━━ EXTRACTED DATA

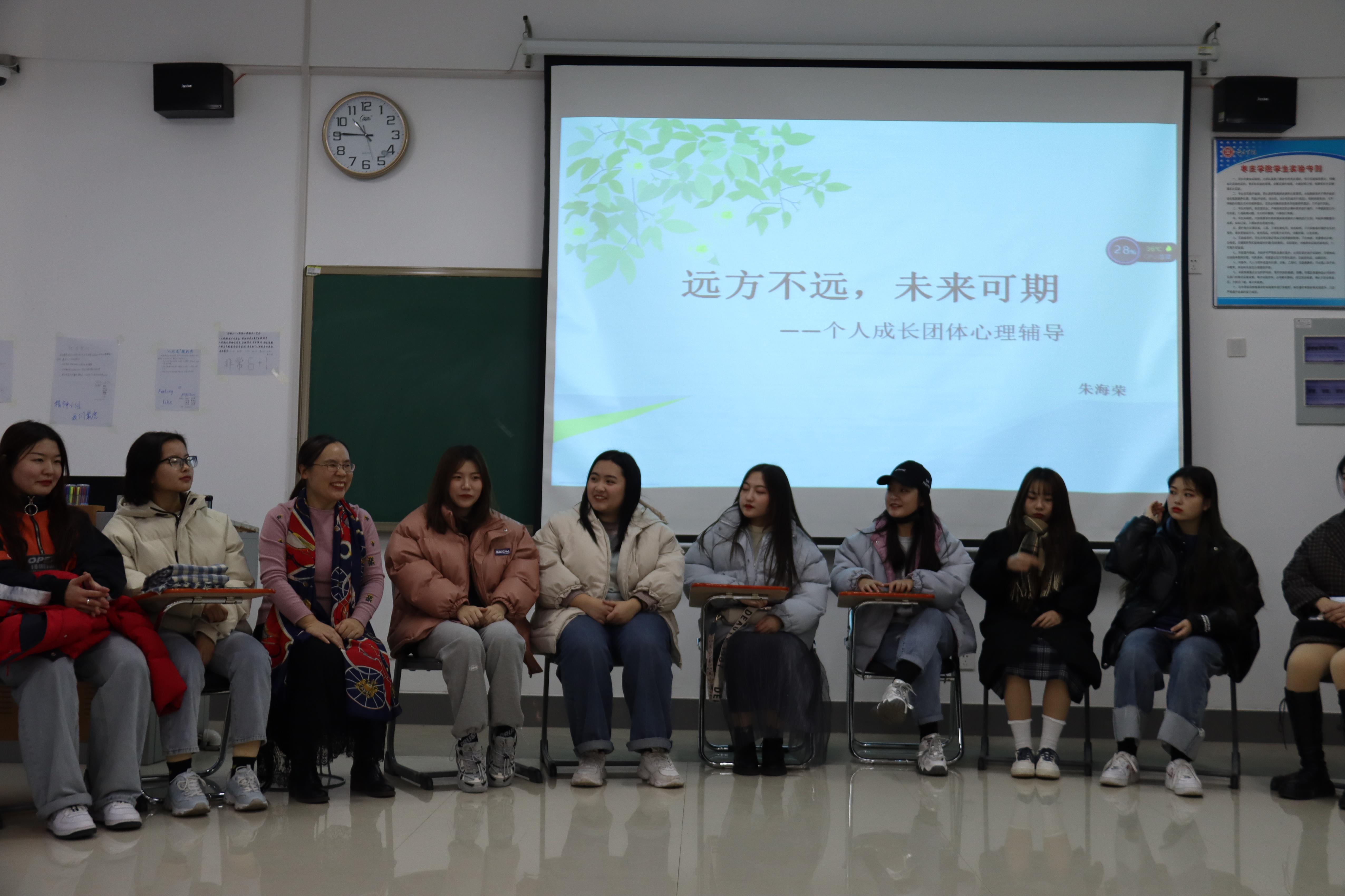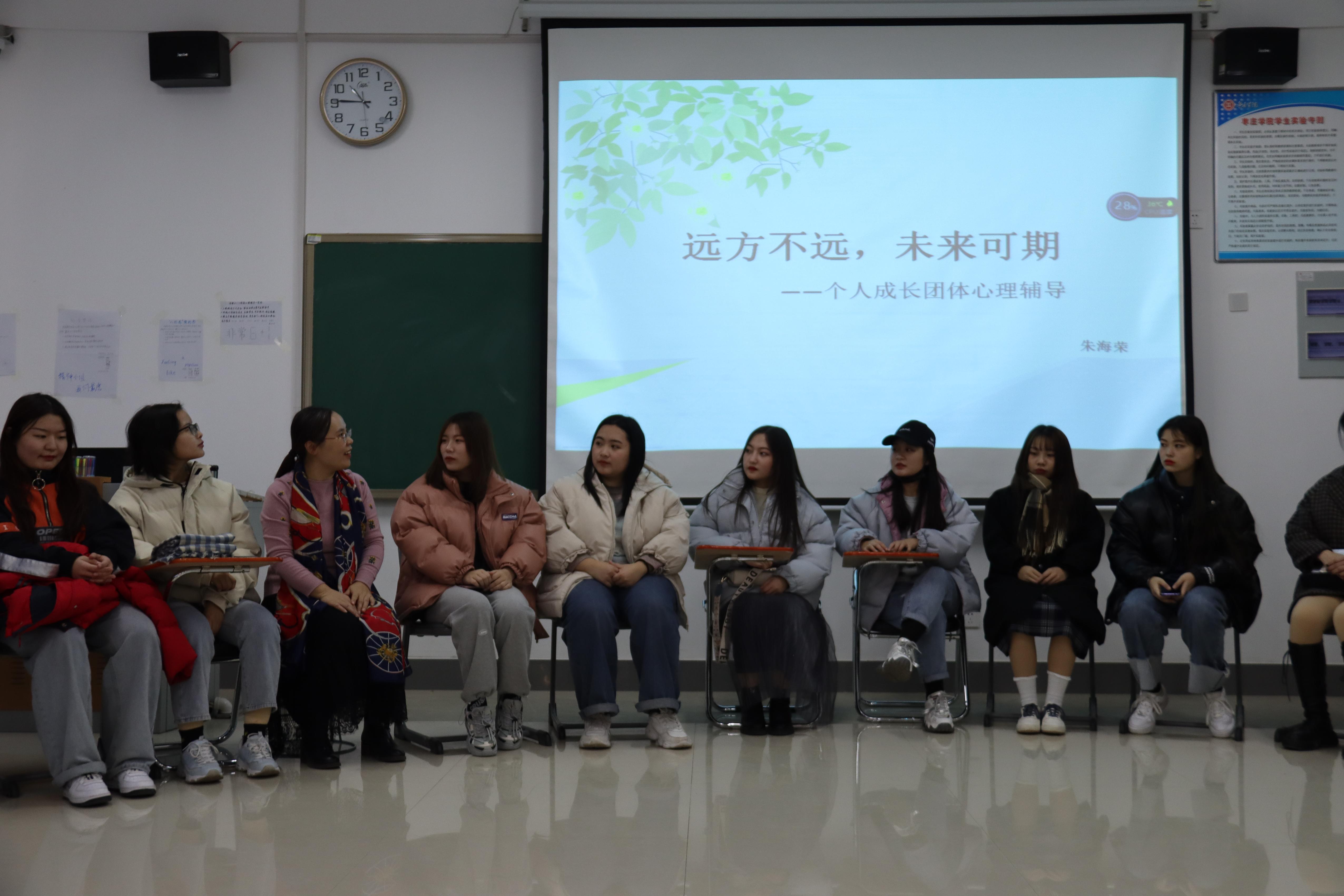 77779193永利官网集团12月23号开展了“远方不远 未来可期”个人成长团体心理辅导。本次活动由心科院朱海荣老师主持,2020级音乐学本科班全体女生参加。
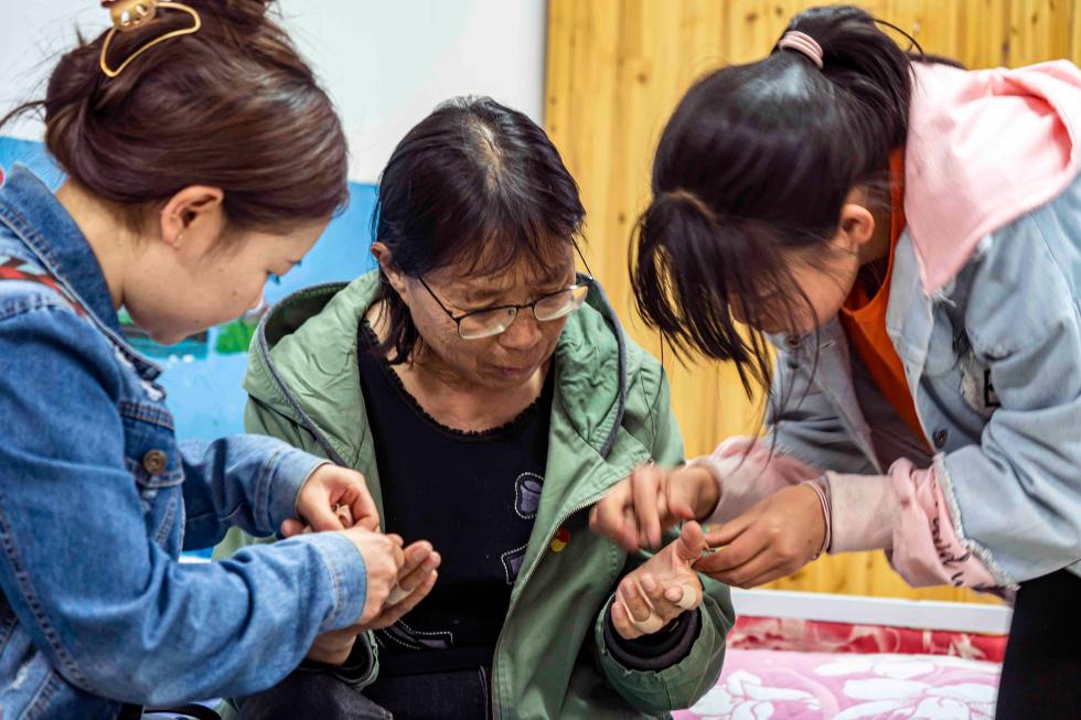△孩子们正在给张桂梅换贴止痛膏药。
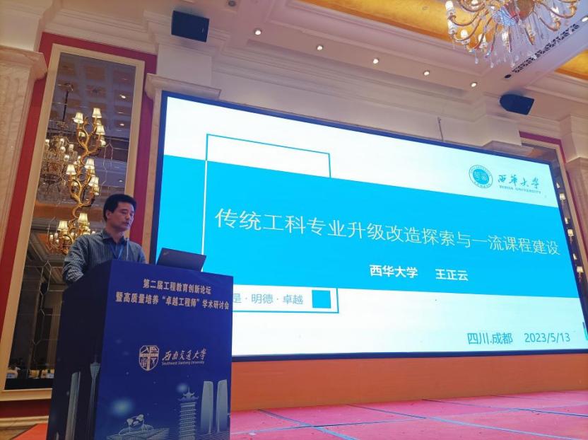 5月11-13日,由中国高等教育学会工程教育专业委员会指导、西南交通大学高等教育研究院主办、教育部跨学科课程教学创新改革虚拟教研室、浙江大学中国科教战略研究院、《高等工程教育研究》协办的第二届工程教育创新论坛暨高质量培养“卓越工程师”学术研讨会在成都召开,会议旨在打造具有中国特色的工程教育创新局面,促进工程教育教学改革,加快探索卓越工程师培养模式变革。来自全国各高校分管学科建设的校(院)长、专业负责人、骨干教师等200余人参会。我校材料科学与工程学院副院长王正云、黄丽宏教授、徐磊副教授参加了会议。5月13日,王正云作了题为《传统工科专业升级改造探索与一流课程建设》的专题报告。
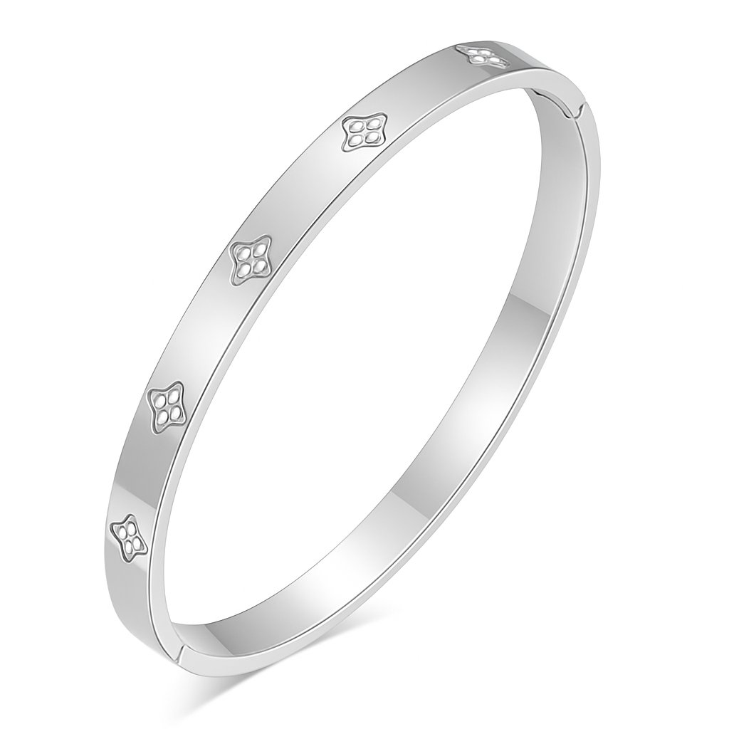 Tento sofistikovaný náramek z chirurgické oceli zaujme svým čistým designem a elegantními detaily. Lesklý povrch doplňují jemně ryté motivy ozdobené zirkony, které dodávají šperku jemný třpyt a moderní nádech. Díky pevnému provedení a jednoduchému zacvakávacímu zapínání se pohodlně nosí a hodí se ke každému outfitu od každodenního po společenský.
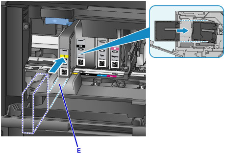 4. 插入新墨水盒時使其與本機的安裝導紙器 (E) 對齊。
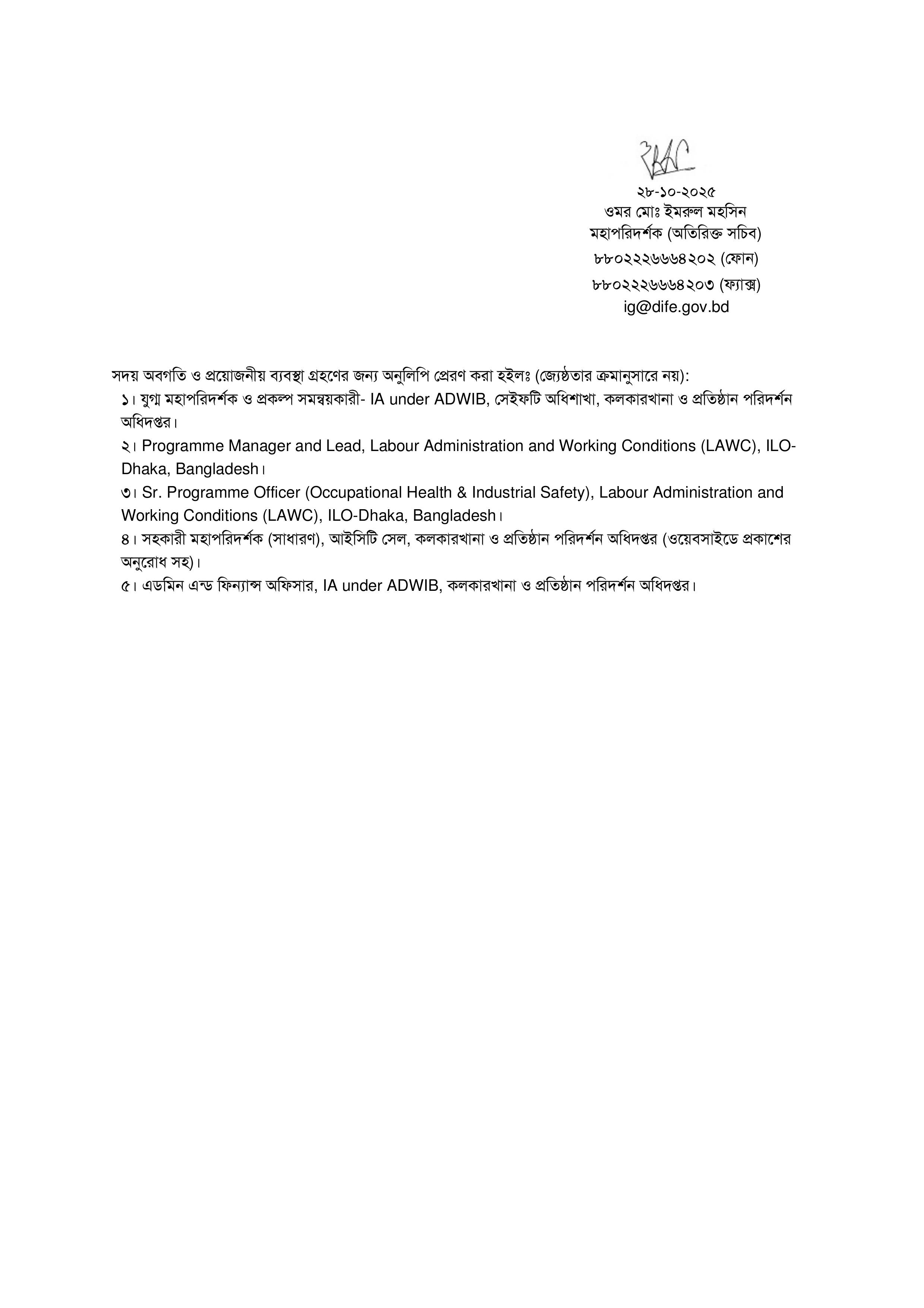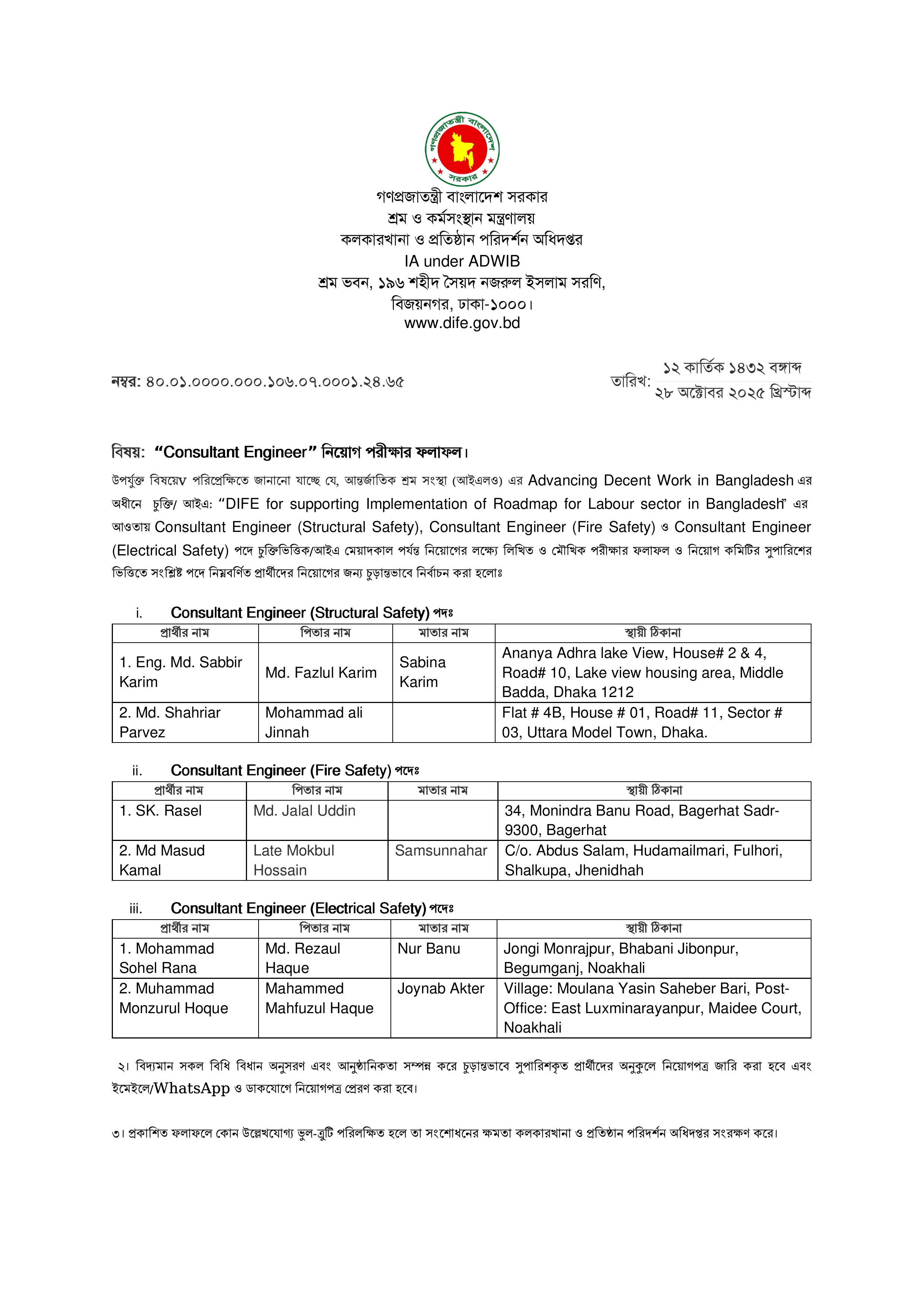 কলকারখানা ও প্রতিষ্ঠান পরিদর্শন অধিদপ্তর (DIFE) কর্তৃক আন্তর্জাতিক শ্রম সংস্থা (আইএলও)-এর অধীনে পরিচালিত একটি প্রকল্পের আওতায় চুক্তিভিত্তিক "Contractual Project Personnel" নিয়োগের লিখিত ও মৌখিক পরীক্ষার চুড়ান্ত ফলাফল প্রকাশিত হয়েছে।

━━━━

> **YOUR ASSIGNMENT**: Could you set down every record above word for word, leaving out the pictures?

> **RESULT BELOW**:
 77779193永利官网集团12月23号开展了“远方不远 未来可期”个人成长团体心理辅导。本次活动由心科院朱海荣老师主持,2020级音乐学本科班全体女生参加。
△孩子们正在给张桂梅换贴止痛膏药。
 5月11-13日,由中国高等教育学会工程教育专业委员会指导、西南交通大学高等教育研究院主办、教育部跨学科课程教学创新改革虚拟教研室、浙江大学中国科教战略研究院、《高等工程教育研究》协办的第二届工程教育创新论坛暨高质量培养“卓越工程师”学术研讨会在成都召开,会议旨在打造具有中国特色的工程教育创新局面,促进工程教育教学改革,加快探索卓越工程师培养模式变革。来自全国各高校分管学科建设的校(院)长、专业负责人、骨干教师等200余人参会。我校材料科学与工程学院副院长王正云、黄丽宏教授、徐磊副教授参加了会议。5月13日,王正云作了题为《传统工科专业升级改造探索与一流课程建设》的专题报告。
 Tento sofistikovaný náramek z chirurgické oceli zaujme svým čistým designem a elegantními detaily. Lesklý povrch doplňují jemně ryté motivy ozdobené zirkony, které dodávají šperku jemný třpyt a moderní nádech. Díky pevnému provedení a jednoduchému zacvakávacímu zapínání se pohodlně nosí a hodí se ke každému outfitu od každodenního po společenský.
 4. 插入新墨水盒時使其與本機的安裝導紙器 (E) 對齊。
 কলকারখানা ও প্রতিষ্ঠান পরিদর্শন অধিদপ্তর (DIFE) কর্তৃক আন্তর্জাতিক শ্রম সংস্থা (আইএলও)-এর অধীনে পরিচালিত একটি প্রকল্পের আওতায় চুক্তিভিত্তিক "Contractual Project Personnel" নিয়োগের লিখিত ও মৌখিক পরীক্ষার চুড়ান্ত ফলাফল প্রকাশিত হয়েছে।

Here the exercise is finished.